Integrative frameworks for next-generation peanut (Arachis hypogaea L.) improvement: from pan-genome-informed MAGIC populations to systems genetics and precision breeding
摘要
Peanut (Arachis hypogaea L.) is a globally important legume crop, the yield and quality traits are governed by complex polygenic interactions that are difficult to resolve using conventional biparental populations or natural association panels, particularly given the crop’s narrow cultivated gene pool. Multi-parent Advanced Generation Inter-Cross (MAGIC) populations have emerged as a powerful alternative, combining structured recombination with high allelic diversity to enable high-resolution dissection of complex traits.
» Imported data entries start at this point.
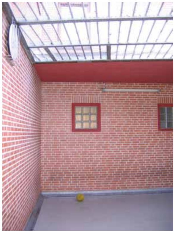
Luchtplaats met ontsnappingsluik

In politiebureau's waar tekortkomingen met de brandcom- partimentering zijn geconstateerd, was de rookcomparti- mentering meestal ook niet op orde.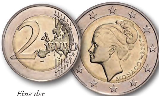
Eine der großen Raritäten der 2 Euro-Stücke ist dieses Stück aus Monaco auf Grace Kelly.

Dabei stellte sich heraus, welch immensen Rolle die Höhe einer Auflage spielt.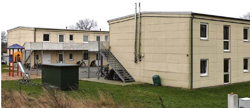
In direkter Nachbarschaft zu den jetzigen Flüchtlingsunterkünften entstehen zwei weitere.

Dies gelte auch für die Grundstücke, die die Grünen vorgeschlagen hätten. Einzig ein Grundstück im Bereich der Gesamtschule sei möglich. Dies wolle die Stadtverwaltung aber für evtl. Schulzwecke weiter vorhalten. Angesichts der steigenden Zahl an Flüchtlingsaufnahmen auch in Olfen und des akuten Platzmangels dränge nun die Zeit. Der Rat der Stadt Olfen beschloss schlussendlich, dem Vorschlag der Verwaltung zu folgen. Hiernach sollen am Vinnum Landweg in direkter Nachbarschaft der bereits bestehenden Flüchtlingsunterkünfte zwei neue Unterkünfte mit insgesamt 118 Plätzen entstehen.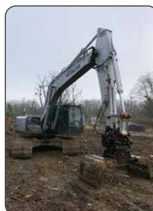
Pelle HITACHI, 2008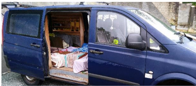
Un van pour les transports chez le vétérinaire

Parmi ces 21 chats tous gris ou noirs, 11 mâles et 10 femelles, dont plusieurs gestantes. Au sein de la portée de chatons de 4-5 mois, trop craintifs pour être socialisés et qui ont donc été opérés avant d'être eux aussi remis en liberté, uniquement des femelles : la relève était assurée et les naissances se seraient enchaînées en 2024 !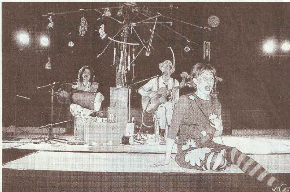
La compagnie «Fabulle et les Rakikontes» a joué son spectacle musical devant plus de deux cents enfants réunis dans la salle Jacques-Prévert.

Cela se passe à une époque où il y a déjà toutes sortes d'animaux sur la Terre : des lions, des taupes et des libellules, des globicéphales et des térébratules. « Tout un tas de drôles de bêtes circulaient sur la planète ; des animaux poilus ou "plumus", griffus ou dentus, mais pas de vache, que je sache ! Et il y a aussi des hommes, la tribu des Jentravequepouik, qui vivent dans l'herbe : leur maison et leurs vêtements sont fabriqués avec de l'herbe. Et que mangent-ils ? De l'herbe ! Ils broutent ! Mais ils n'aiment pas ça du tout... Sauf une dame nommée Mama Galamilk qui aime tellement brouter qu'un jour, après avoir brouté toute l'herbe du village, elle est chassée par le chef qui lui dit : "Ne reviens que si tu ramènes avec toi la solution !" » Alors, Mama Galamilk est chassée du village. La trouvera-t-elle et quel est cet arbre merveilleux qui exauce les vœux les plus chers ?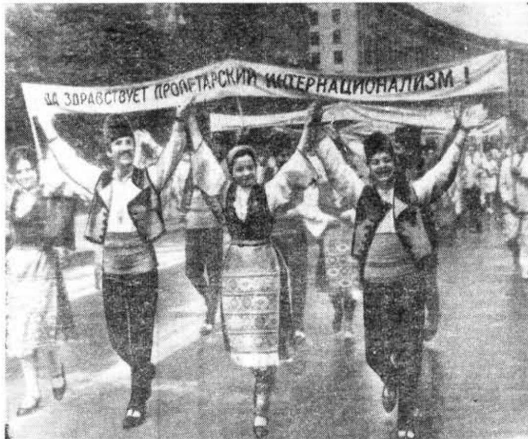
Киев. На фестивале дружбы советской и болгарской молодежи. На снимке: во время манифестации на Крещатке.

В ответ на призыв партии, прозвучавший с трибуны VIII пленума ЦК ПОРП, Союз социалистической молодежи разработал конкретный план действия дальнейшему развитию строительства жилых домов. На строительные площадки этим летом выйдет 32 тысячи юношей и девушек — членов Союза социалистической молодежи, объединенных в добровольные рабочие отряды.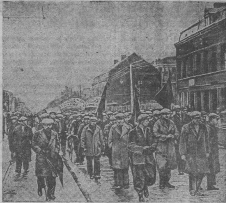
30 ноября — в день всеобщей забастовки во Франции, тысячи бастующих рабочих приняли участие в демонстрациях протеста против чрезвычайных декретов. На снимке: бастующие металлурги завода Эско на демонстрации. Фотохроника.

Совет министров принял сегодня новое постановление, направленное против евреев. Согласно этому постановлению все принадлежащее евреям недвижимое имущество, в том числе промышленные и торговые предприятия подлежат регистрации и оценке. Все, что по оценке превышает установленный фашистским законом лимит, подлежит продаже специально организованной государственной организации, т. е. иными словами будет попросту отобрано.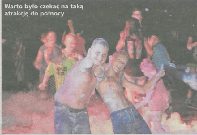
Warto było czekać na taką atrakcję do północy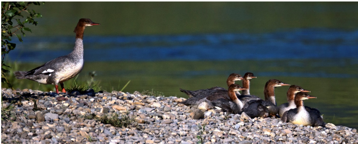
Abb. 7: GÄS-W mit 7 pulli 6/8 Hänggelgiessen, Schänis. 01.07.2015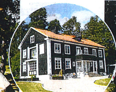
Gamla ålderdomshemmet. Såld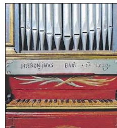
Storia della musica Alcuni pezzi della mostra "Chimere musicali-Strumenti rari dall'antichità all'800", a villa Fabri fino al 3 settembre

■ Oggi alle 11,30 a Trevi l'inaugurazione della mostra dedicata agli strumenti antichi. La decima edizione dell'evento si svilupperà anche a Spello e Acquasparta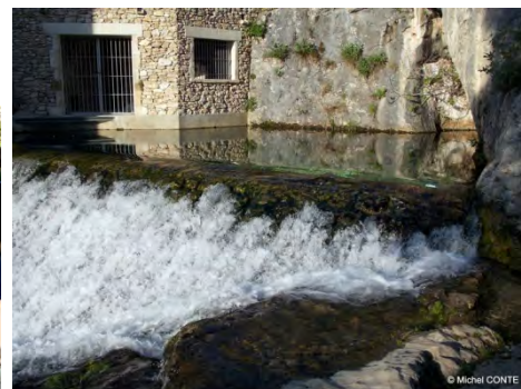
Le goul de la « Tannerie »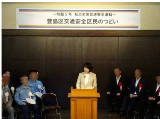
豊島区交通安全区民のつどい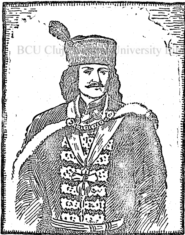
II. Rákóczi Ferenc.

jához, II. Rákóczi Györgyhöz, ki a szászfenesi uton áldozta életét Erdélyért; anyai nagyapjához, Zrinyi Péterhez, kinek feje a bécsujhelyi börtön verpadán hullott porba, atyjához, I. Rákóczi Ferenchez, kit csak a véletlen szabadított meg a hóhér pallósától, — és követte nevelőapja, az első kuruc fejedelem, a Thököly Imre férfias példáját — végül együtt akart lenni legalább a száműzetés lelki közösségében édesanyjával, a legnagyobb magyar aszszonnyal, Zrinyi Il-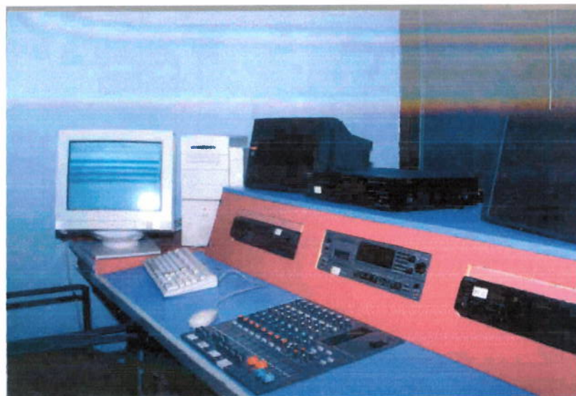
Consola de control cabina dos de radio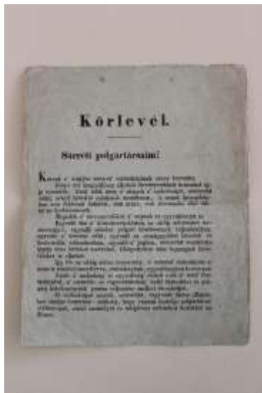
2. Miskolczy Károly főszolgabíró nyomtatott körlevele "Sárréti polgártársaim" B.újfalú, 1848. ápr. 26. Leltári szám: IV.75.367.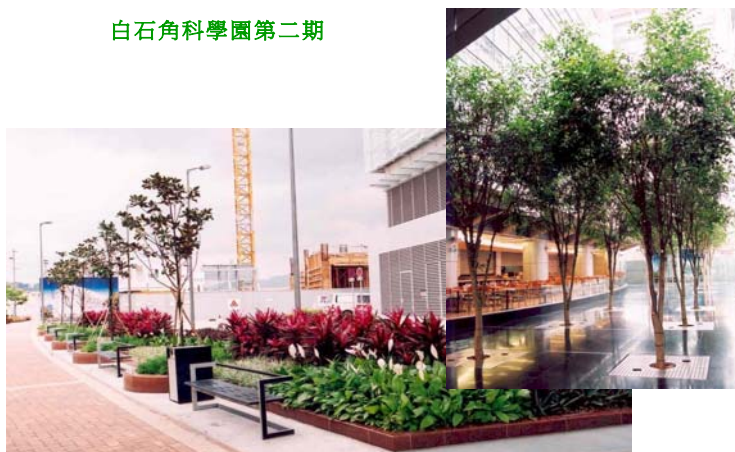
白石角科學園第二期

我們會努力廣種花草樹木，並加以妥善護理和保育，藉以改善居住環境。當前的目標是要令市區的綠化地帶顯著增加，提升現有綠化區的質素，並在公共工程項目的規劃及發展階段，盡量爭取綠化的機會。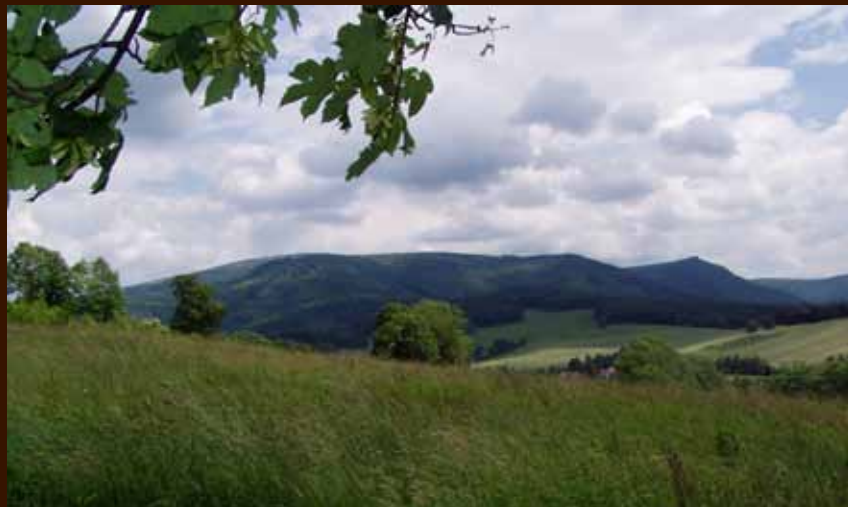
Pohled na horu Smrk.

Singltreku pod Smrkem se nachází ve frýdlantském výběžku, vlně úbočím hory Smrk (1124 m. n.m.), nejvyšší hory české části Jizerských hor. V místě, které odedávna patřilo k nejchladnějším a nejméně přístupným oblastem českých zemí. Střetávala se zde kultura lužickosrbská s německou a českou.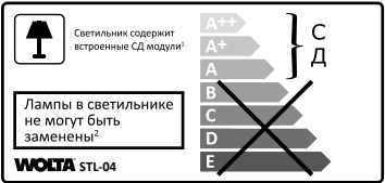
1 Шамда кірістірілген ЖД модульдері бар

Өндіруші: Ningbo Yusing Lighting Co., Ltd. Мекен-жайы: № 1199 Мингтуанг жолы, Цзяншань қаласы, Инчжоу, Нинбо, Қытай. Қытайда жасалған. Жеткізуші / импорттаушы «Вольта» ЖШҚ, Ресей, 197198, Санкт-Петербург, Ждановская көшесі, 45 литр А үйі, 60-Н үй, 14 кеңсе, www.wolta.ru. Жеткізушінің (Өндірушінің) тұтынушыдан талап-наразылықтады қабылдауға уәкілеттік берген заңды тұлғаның атауы мен мекен-жайы: «Ле Мон-лид Қазақстан» ЖШС, 0500051, Қазақстан Республикасы, Алматы қ., Медеу ауданы, Достық даңғылы, 192/2 үй, 819, info@wolta.kz.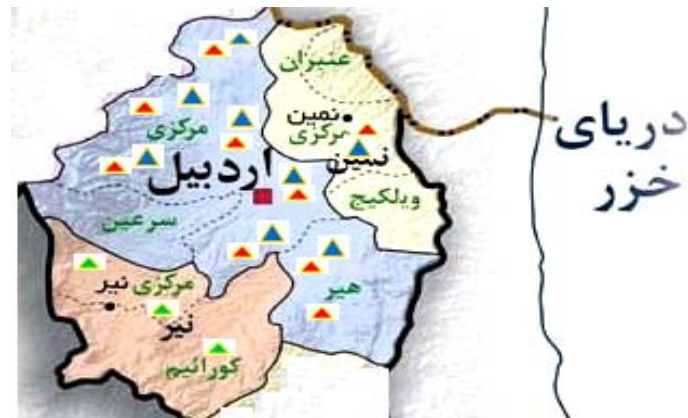
شکل ۲. پراکنش نماتد سیستی غلات در استان اردبیل طی دو سال پژوهش (▲: مشاهده شده در سال اول، ▲: مشاهده شده در سال دوم، ▲: عدم مشاهده).

Figure 2. Distribution of Cereal Cyst Nematode in Ardabil province during two years survey (▲: observed in the first year, ▲: observed in the second year, ▲: not seen).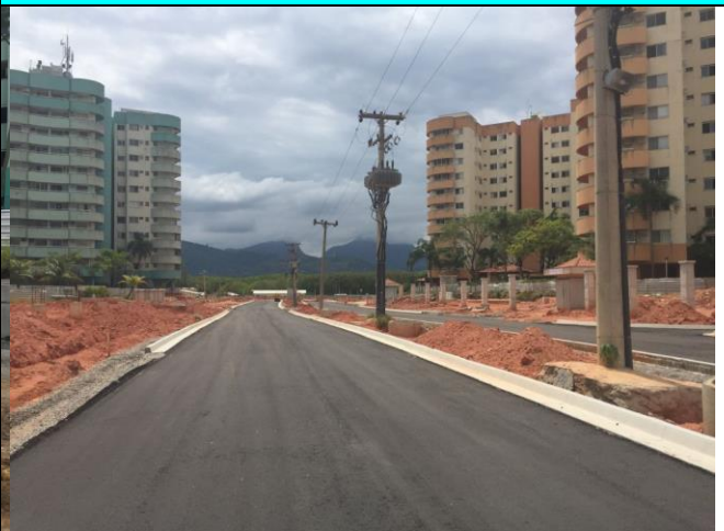
Figura 08 – Trecho com pavimento já executado.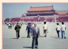
北京・天安門広場で 昭和60年7月(1985)

This review synthesizes recent progress and emerging directions in peanut MAGIC research, highlighting five key frontiers: pan-genome-informed founder selection; multi-environment MAGIC for genotype-by-environment (G × E) dissection; systems genetics integration of multi-omics data; introgression MAGIC to incorporate wild Arachis diversity; and AI-guided simulation for optimized population design. By integrating genomics, multi-omics phenotyping, and artificial intelligence, MAGIC populations provide a high-resolution platform for precision breeding and the development of climate-resilient, high-yielding, and nutritionally enhanced peanut cultivars. Beyond trait discovery, this integration enables a shift from descriptive genetic mapping toward predictive and systems-level breeding, in which allelic effects can be evaluated across environments, genetic backgrounds, and management scenarios. Future progress will therefore depend on translating MAGIC-derived insights into subgenome-aware selection strategies, environment-informed genomic prediction models, and shared breeding resources that support sustainable and coordinated peanut improvement under increasing climatic and production constraints.